Я поглядел в его выцветшие глаза:
- Вы уверены, что это был именно он?
- А как же! - Он постучал тростью по голым половицам. - Я Гэса Донато чуть не каждый день вижу. А тут особое внимание обратил, потому что ему не положено водить машину.
- Слишком молод?
- Чего нет, того нет. Но условно освобожденным водить машину запрещается. А у него из-за машин неприятностей и так хватало - из-за них-то его и арестовали.
- А Гэс ваш друг?
- Не сказал бы. Вот Мануэль - тот друг.
- Но, по вашим словам, вы с Гэсом постоянно видитесь.
- Верно. В закусочной у Мануэля. С тех пор как Бродмен его турнул на той неделе, он у Мануэля посуду мыл.
- А почему Бродмен его уволил?
- Я так толком и не понял. Что-то из-за часов. Золотых настольных часов. Гэс отправил их куда-то, куда не следовало. Я слышал, как Мануэль спорил с Бродменом в проулке.
Я открыл окно.
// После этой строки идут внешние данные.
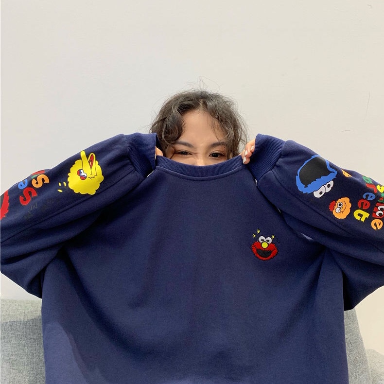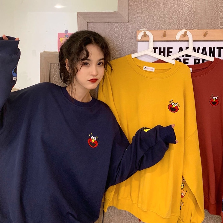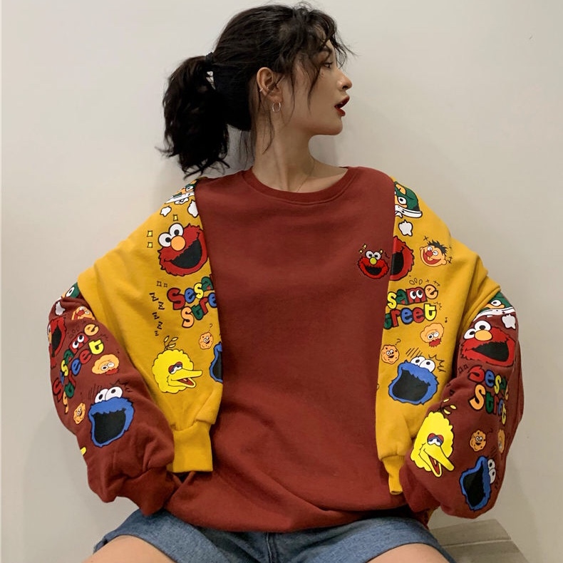 Funny Elmo Cartoon Print Loose Oversized Long Sleeve Sweatshirt Sweater Pullover Jumper Causal E-Girl Kawaii Korean Japanese Harajuku Streetwear

У задней двери бродменовской лавки о чем-то совещались двое в штатском. Они подозрительно уставились на меня. Я попятился и закрыл окно.
- А вы ничего не упускаете, мистер Уинклер?
- Стараюсь.
3
Я оставил его в бродменовской клетке с Уиллсом, а сам взял такси - мне не терпелось продолжить разговор с Эллой Баркер. Вот только она совсем не хотела его возобновлять.
Когда надзирательница ввела меня в камеру свиданий, Элла даже не подняла головы. Она сидела, положив худые руки на стол, поникшая, съежившаяся, точно птица, утратившая надежду вырваться на волю. Позади нее в зарешеченное окно било предвечернее солнце, расчерчивая ей спину полосками теней.
- Возьмите себя в руки, Баркер. Первый день всегда самый тяжелый. - Надзирательница потрогала её за плечо. Возможно, намерения у нее были самые лучшие, но голос звучал наставительно, почти угрожающе. - К вам опять пришел мистер Гуннарсон, Вы же не хотите, чтобы он смотрел, как вы киснете.
Элла отдернула плечо от её руки.
- Если ему не нравится смотреть, так пусть не приходит. Ни опять, ни потом!
- Чепуха! - сказала надзирательница. - В вашем положении адвокат вам очень нужен, хотите вы того или нет.
- Миссис Клемент, вы не оставите нас вдвоем?
- Как скажете. - И надзирательница удалилась, потряхивая повязкой ключей, точно тоскливыми кастаньетами.
Я сел к столу напротив Эллы:
- Гектор Бродмен умер. Его убили.
Темные ресницы прикрывали её глаза. Она упорно их не поднимала. Мне почудилось, что я ощущаю запах её страха - какую-то едкость в воздухе. Но может быть, это был запах тюрьмы.
- Вы ведь были знакомы с Бродменом?
- Как с пациентом. Таких знакомых у меня не сосчитать.
- А что с ним было такое?
- У него удалили опухоль. Доброкачественную. Прошлым летом.
- Но вы виделись с ним и после?
- Один раз он меня пригласил, - ответила она все тем же монотонным голосом. - Я ему как будто нравилась, а приглашениями меня не слишком заваливают.
- О чем вы разговаривали с Бродменом?
- Да почти только о нем. Он ведь был пожилым человеком. Вдовцом. Все время рассказывал про великую экономическую депрессию. У него где-то в восточных штатах было свое дело. А в депрессию он и его первая жена потеряли все, что успели скопить. Ну все-все.